╭─ Data for analysis

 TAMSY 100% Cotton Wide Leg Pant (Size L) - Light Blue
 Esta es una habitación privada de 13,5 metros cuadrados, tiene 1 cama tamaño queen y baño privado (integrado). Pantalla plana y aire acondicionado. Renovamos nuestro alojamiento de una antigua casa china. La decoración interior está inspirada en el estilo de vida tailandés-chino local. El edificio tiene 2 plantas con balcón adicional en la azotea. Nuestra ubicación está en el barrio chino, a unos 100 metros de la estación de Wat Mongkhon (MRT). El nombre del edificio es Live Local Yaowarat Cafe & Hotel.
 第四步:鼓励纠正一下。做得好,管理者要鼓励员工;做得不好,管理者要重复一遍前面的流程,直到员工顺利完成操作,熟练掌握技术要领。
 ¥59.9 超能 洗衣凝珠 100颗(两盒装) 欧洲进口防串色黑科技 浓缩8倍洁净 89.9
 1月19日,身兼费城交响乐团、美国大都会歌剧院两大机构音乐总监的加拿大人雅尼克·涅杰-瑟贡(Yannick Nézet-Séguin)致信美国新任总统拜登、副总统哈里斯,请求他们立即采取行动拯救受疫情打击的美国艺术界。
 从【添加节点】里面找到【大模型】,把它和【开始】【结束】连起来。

╰─
╭─ Data for analysis

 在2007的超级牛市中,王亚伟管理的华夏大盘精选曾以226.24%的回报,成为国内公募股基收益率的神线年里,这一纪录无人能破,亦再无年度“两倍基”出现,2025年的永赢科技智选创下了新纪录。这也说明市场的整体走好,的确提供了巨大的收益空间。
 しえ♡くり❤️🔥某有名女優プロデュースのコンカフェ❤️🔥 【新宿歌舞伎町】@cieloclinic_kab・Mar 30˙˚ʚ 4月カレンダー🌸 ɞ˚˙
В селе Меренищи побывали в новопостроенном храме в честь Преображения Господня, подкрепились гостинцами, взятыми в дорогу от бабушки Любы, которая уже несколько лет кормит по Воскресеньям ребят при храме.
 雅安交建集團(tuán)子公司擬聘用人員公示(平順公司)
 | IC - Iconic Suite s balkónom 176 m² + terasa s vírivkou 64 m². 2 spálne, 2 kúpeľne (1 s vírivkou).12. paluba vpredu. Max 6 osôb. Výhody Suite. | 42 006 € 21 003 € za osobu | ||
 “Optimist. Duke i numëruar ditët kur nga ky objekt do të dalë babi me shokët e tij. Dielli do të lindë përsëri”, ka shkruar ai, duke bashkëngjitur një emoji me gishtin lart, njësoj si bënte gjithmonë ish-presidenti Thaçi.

╰─

» What this task involves
What you give back must be the stretch above, starting at the line with "TAMSY 100% Cotton" and ending at the line with "从【添加节点】里面找到【大模型】,把它和【开始】【结束】连起来。", copied exactly.

» The completed task
 TAMSY 100% Cotton Wide Leg Pant (Size L) - Light Blue
 Esta es una habitación privada de 13,5 metros cuadrados, tiene 1 cama tamaño queen y baño privado (integrado). Pantalla plana y aire acondicionado. Renovamos nuestro alojamiento de una antigua casa china. La decoración interior está inspirada en el estilo de vida tailandés-chino local. El edificio tiene 2 plantas con balcón adicional en la azotea. Nuestra ubicación está en el barrio chino, a unos 100 metros de la estación de Wat Mongkhon (MRT). El nombre del edificio es Live Local Yaowarat Cafe & Hotel.
 第四步:鼓励纠正一下。做得好,管理者要鼓励员工;做得不好,管理者要重复一遍前面的流程,直到员工顺利完成操作,熟练掌握技术要领。
 ¥59.9 超能 洗衣凝珠 100颗(两盒装) 欧洲进口防串色黑科技 浓缩8倍洁净 89.9
 1月19日,身兼费城交响乐团、美国大都会歌剧院两大机构音乐总监的加拿大人雅尼克·涅杰-瑟贡(Yannick Nézet-Séguin)致信美国新任总统拜登、副总统哈里斯,请求他们立即采取行动拯救受疫情打击的美国艺术界。
 从【添加节点】里面找到【大模型】,把它和【开始】【结束】连起来。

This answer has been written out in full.